A sharp-eyed cop had followed him.
“What is that you’re holding?”
“I noticed something that could have been dropped by the man who killed the poor girl,” the Cutthroat answered.
“Hand that over!”
“I presume officers of the Boston Police Department read Mark Twain.”
“What?”
“Pudd’nhead Wilson? Twain’s plot turns on the science of fingerprint identification.”
He rose with the cigarette packet clasped in his handkerchief and held it before the cop. “Don’t touch it! Here, give me your helmet. I’ll drop this inside, and your detectives can retrieve it at the station house without smudging the fingerprints.”
The cop whipped off his helmet and turned it over like a bowl. The Cutthroat dropped the cigarettes inside.
“Thank you, sir.”
“The least a citizen can do,” said the Cutthroat. “Remember
, don’t touch it. Leave that to the experts.”
He pocketed his handkerchief and sauntered off.
James Dashwood got a long-distance telephone call from Isaac Bell.
“Lillian Lent, the girl killed in the Common, was she cut up?”
Dashwood wondered how the Chief Investigator had caught wind of the murder of a lowly prostitute two hundred miles from New York, but he was not surprised. “No. Just strangled.”
“Do you know that for sure, James?”
“I saw her at the morgue with my own eyes, Mr. Bell. Only strangled.”
“No mutilation?”
“No blood.”
Dashwood listened to the telephone wires hiss. He waited, silent, knowing that the Chief Investigator did not clutter thinking time with small talk.
“How did you happen to be at the morgue?”
“You had your Anna Waterbury killed in New York, Mr. Bell. I figured it was worth checking for a connection. I spoke with the coroner. He confirmed there wasn’t a mark on Lillian except for the bruises on her throat.”
Again, a long silence. Finally, Bell asked, “Did you check her fingernails?”

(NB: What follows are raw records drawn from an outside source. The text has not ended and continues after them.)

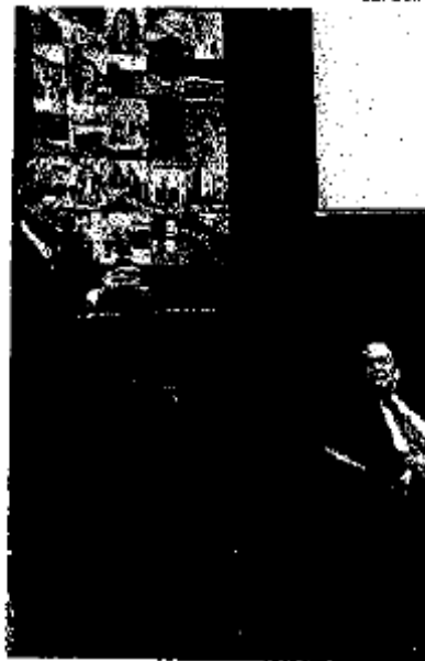
Mensaje del titular del ITESM.

"Este libro refleja una síntesis de miles de vidas. Y hablo de miles porque han sido miles de profesores que en 70 años hemos dejado la vida en esta institución con una vocación importante y para aportarle a México lo más valioso que tiene: su gente. Trabajamos porque queremos formar una nueva generación... Queremos líderes con un fuerte sentido emprendedor", expuso.
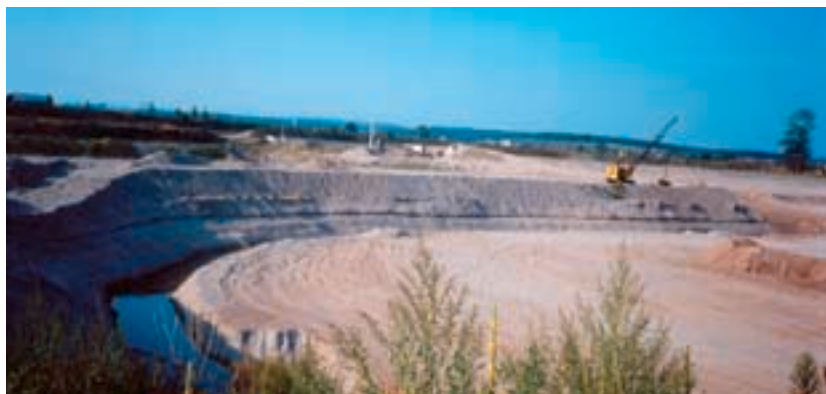
Exploitation d'une carrière

La nappe d'accompagnement de ce qui n'est encore qu'un grand torrent constitue une ressource potentielle en eau potable de qualité, très sensible cependant aux pollutions, comme la plupart des nappes alluviales. Une bonne partie de l'eau potable utilisée sur le secteur provient d'ailleurs de la matrice alluvionnaire, qui présente des transmissivités (1) conséquentes et donc un
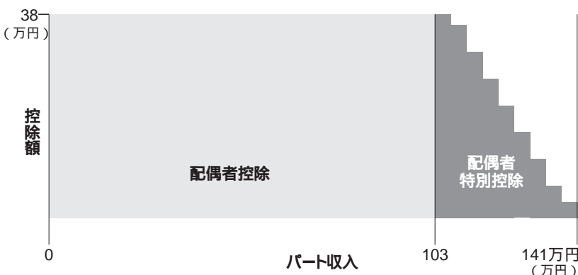
配偶者控除と配偶者特別控除の関係

亡くなった人の配偶者が相続や遺贈により実際に取得した正味の遺産額が、次の金額のいずれが多い金額までであれば、配
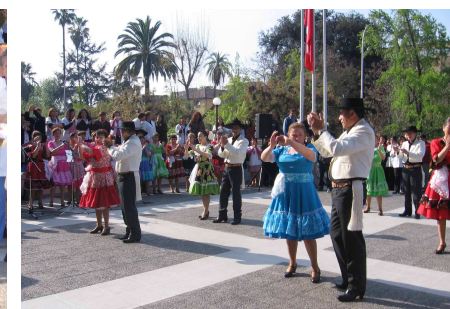
Actuación del grupo 'Alicanto'.
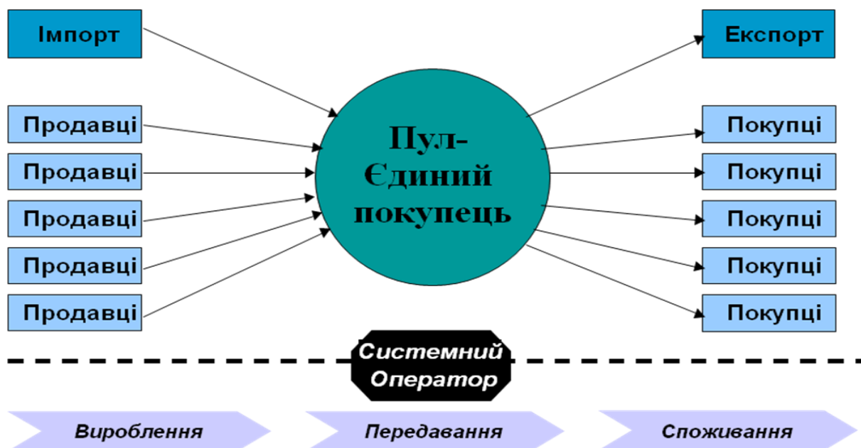
Рисунок 1 – Схема організації ринку електричної енергії за моделлю Пула

XX століття була модель Пулу електричної енергії (модель Єдиного покупця), схему якої наведено на рис. 1.

“That’s the one strange thing. She didn’t scratch him.”
“Any broken nails?”
“Several, but none that looked freshly broken.”
“No skin under them, no blood?”
“No.”
“Might she have been wearing gloves?”
Dashwood said, “She was not a girl who could afford gloves. Besides, she died quick. It looks like her neck was broken.”
“Broken?” asked Bell. “By a blow?”
“No. The coroner said it happened while she was strangled.”
“A strong man.”
“Probably. But she was a tiny little thing. Wisp of a girl.”
“But otherwise not a mark on her?”
“No cuts.”
“Thank you, James. It was a long shot. Send me your full report. Immediately.”
Isaac Bell hooked the earpiece, jumped to his feet, and paced the detectives’ bull pen. Fact was, he could pace from 42nd Street to the Battery and back, but none of his leads, if they could be called leads, had gone anywhere. As time passed, it looked increasingly unlikely that his detectives would turn up a witness who saw Anna with whoever got her inside the flat where she died. Equally unlikely was the prospect of finding a witness—other than the procurer he had already interviewed at Grand Central—who saw her with any man anywhere during her weeks in New York.